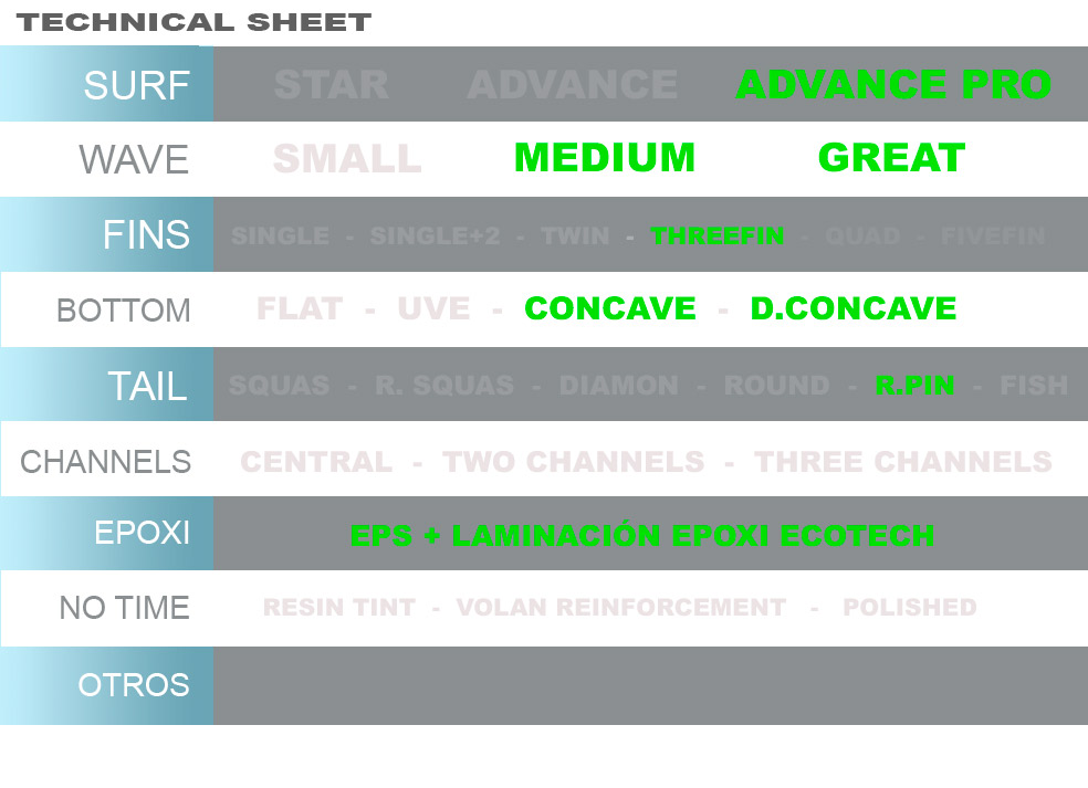 NIVEL DE SURF: AVANZADO / PRO | OLAS: 3/4 A 2 M | 3 - 4 QUILLAS | BOTTOM: CONCAVO A DOBLE CÓNCAVO | TAIL: ROUND PIND | OPCIÓN ECOTECH
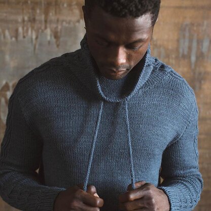 The Nelson Pullover is a modern knitter’s take on men’s athletic wear. This sporty, youthful pullover features a continuous cable that runs up the sleeve and shoulder into the cowl neck. The drawstring ties add charm as well as warmth in cold weather.
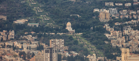 Sunrise view of downtown Haifa, with the Bahai Shrine and the harbor. Northern Israel
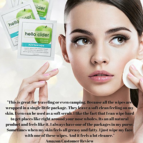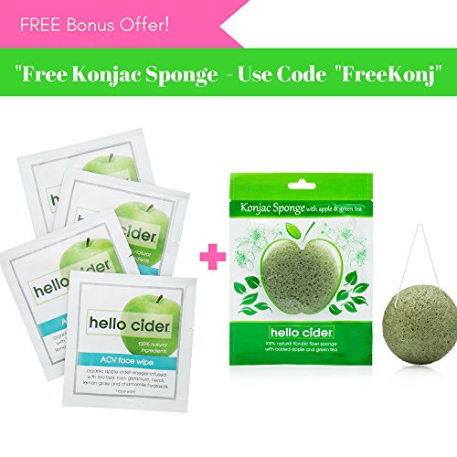 -. Feature : FREE Konjac Sponge today only! HELLO TO CLEAN & HEALTHY SKIN - Hello Cider Acne Kit is an exclusive natural non-comedogenic (no OILS) blend of ORGANIC APPLE CIDER VINEGAR. It contains alpha-hydroxyl & malic acids as potent antibacterial, anti-fungal, preventing pimples from forming as well as reducing the appearance of fine lines, wrinkles & aging spots. / GENTLE & EFFECTIVE - INFUSED WITH SIX PURE ORGANIC HYDROSOLS (not water w/ added essential oils) of TEA TREE , ROSE, GERANIUM, LEMON GRASS, NEROLI, and CHAMOMILE. Each one of our 100% natural & organic hydrosols are hand picked specifically to combat acne, clear blemishes, restore your natural pH level, hydrate, treat pimples, blackheads plus staying on all day at the perfect nature moisturizer. Non-comedogenic formula. / PURE 100% NATURAL ACNE FACE WIPES: we believe that 65% of what you put on your skin will absorb into your body. Therefore, you will not find paraben, phthalate, synthetic fragrances, alcohol, oils, synthetic preservative or any questionable ingredients. All Hello Cider products are formulated by our two scientist founders, tested by moms and teens, made in the USA. / YOU WILL LOVE THE EASE OF THESE: Hello Cider Acne Face Towelettes are great for traveling (no messy bottle through security), camping, perfect on the go. Each wipe is individually wrapped for a quick, easy and effective use. / 100% SATISFACTION or your money back. "No need for expensive chemical filled face cleaners/moisturizers, this Apple Cider Vinegar wipe will do it all for you!" Hello Cider Customer Review.
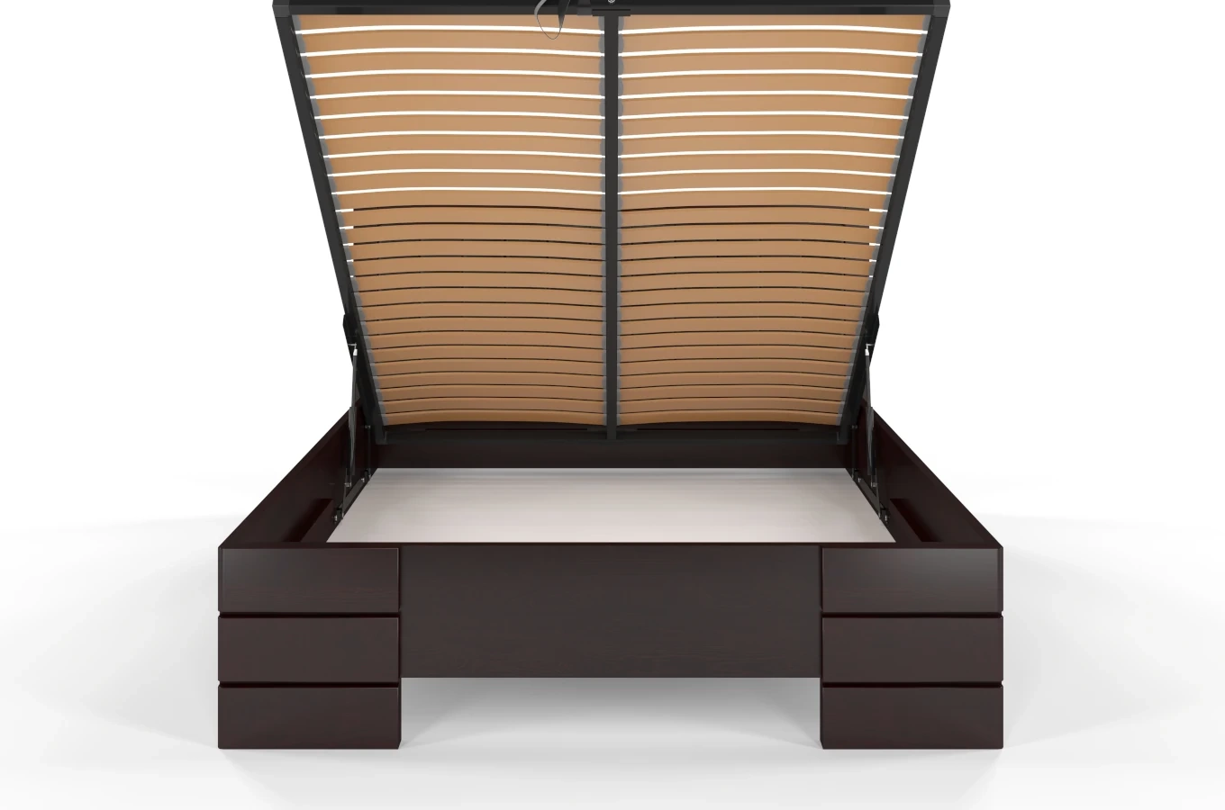 • Tapicerowane łóżko drewniane - sosnowe Visby Gotland High BC (skrzynia na pościel)

### Required work
Your output should be the lines from the line containing "Sunrise view of" through the last line of the listing above, restated exactly, with no pictures among them.

### Solved problem
 Sunrise view of downtown Haifa, with the Bahai Shrine and the harbor. Northern Israel
 -. Feature : FREE Konjac Sponge today only! HELLO TO CLEAN & HEALTHY SKIN - Hello Cider Acne Kit is an exclusive natural non-comedogenic (no OILS) blend of ORGANIC APPLE CIDER VINEGAR. It contains alpha-hydroxyl & malic acids as potent antibacterial, anti-fungal, preventing pimples from forming as well as reducing the appearance of fine lines, wrinkles & aging spots. / GENTLE & EFFECTIVE - INFUSED WITH SIX PURE ORGANIC HYDROSOLS (not water w/ added essential oils) of TEA TREE , ROSE, GERANIUM, LEMON GRASS, NEROLI, and CHAMOMILE. Each one of our 100% natural & organic hydrosols are hand picked specifically to combat acne, clear blemishes, restore your natural pH level, hydrate, treat pimples, blackheads plus staying on all day at the perfect nature moisturizer. Non-comedogenic formula. / PURE 100% NATURAL ACNE FACE WIPES: we believe that 65% of what you put on your skin will absorb into your body. Therefore, you will not find paraben, phthalate, synthetic fragrances, alcohol, oils, synthetic preservative or any questionable ingredients. All Hello Cider products are formulated by our two scientist founders, tested by moms and teens, made in the USA. / YOU WILL LOVE THE EASE OF THESE: Hello Cider Acne Face Towelettes are great for traveling (no messy bottle through security), camping, perfect on the go. Each wipe is individually wrapped for a quick, easy and effective use. / 100% SATISFACTION or your money back. "No need for expensive chemical filled face cleaners/moisturizers, this Apple Cider Vinegar wipe will do it all for you!" Hello Cider Customer Review.
 • Tapicerowane łóżko drewniane - sosnowe Visby Gotland High BC (skrzynia na pościel)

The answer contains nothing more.